Signs of brain tumors can be vague, especially when the tumor is small, has not caused a noticeable change in cognitive function or is in an area of the brain that controls relatively unimportant functions.
In many cases, a person with a brain tumor will not experience any signs or symptoms until the tumor becomes large enough to put pressure on and alter the function of surrounding brain tissue.
The signs and symptoms of a brain tumor vary greatly and depend on the brain tumor’s size, location, and rate of growth. General signs and symptoms caused by brain tumors may include:
Vision problems. People with brain tumors may have problems seeing out of one or both eyes (double vision). Some people lose their peripheral (side) vision or experience blind spots. Other visual disturbances include blurred vision, light sensitivity, and loss of color vision. Some people also have involuntary eye movements.
- Headaches gradually become more frequent and more severe. The location of the tumor will determine where you feel the headache.
- Headaches that are worse in the morning or while coughing, sneezing, or straining. These symptoms may result from increased pressure within your skull.
- Nausea and vomiting. Pressure on certain areas of your brain may affect your stomach and intestines, causing nausea and vomiting.
- Changes in speech, vision, or hearing. Tumors can form in areas of your brain that control these functions, resulting in changes such as blurred vision or hearing loss in one ear.

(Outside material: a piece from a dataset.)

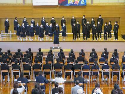 トップバッターでしたが、堂々と歌いあげて、学年をひっぱってくれました。パートの音程をしっかりとり、バランスを意識して歌をつくりあげていました。盛り上がりの力強さが特に素晴らしかったです。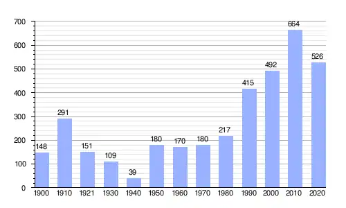 En 2020, la localidad tuvo una disminución del 2.4 % de su población con respecto al censo anterior en 2010.[8]

- Personality or behavior changes. Tumors near areas of the brain that control emotions, behaviors, personality, and thinking can cause changes such as inappropriate laughter or crying (pseudobulbar affect), irritability, confusion, trouble concentrating or remembering things (cognitive dysfunction), lack of inhibition (disinhibition), anxiety, depression, euphoria (extreme feeling of well-being), mania (abnormally elevated mood).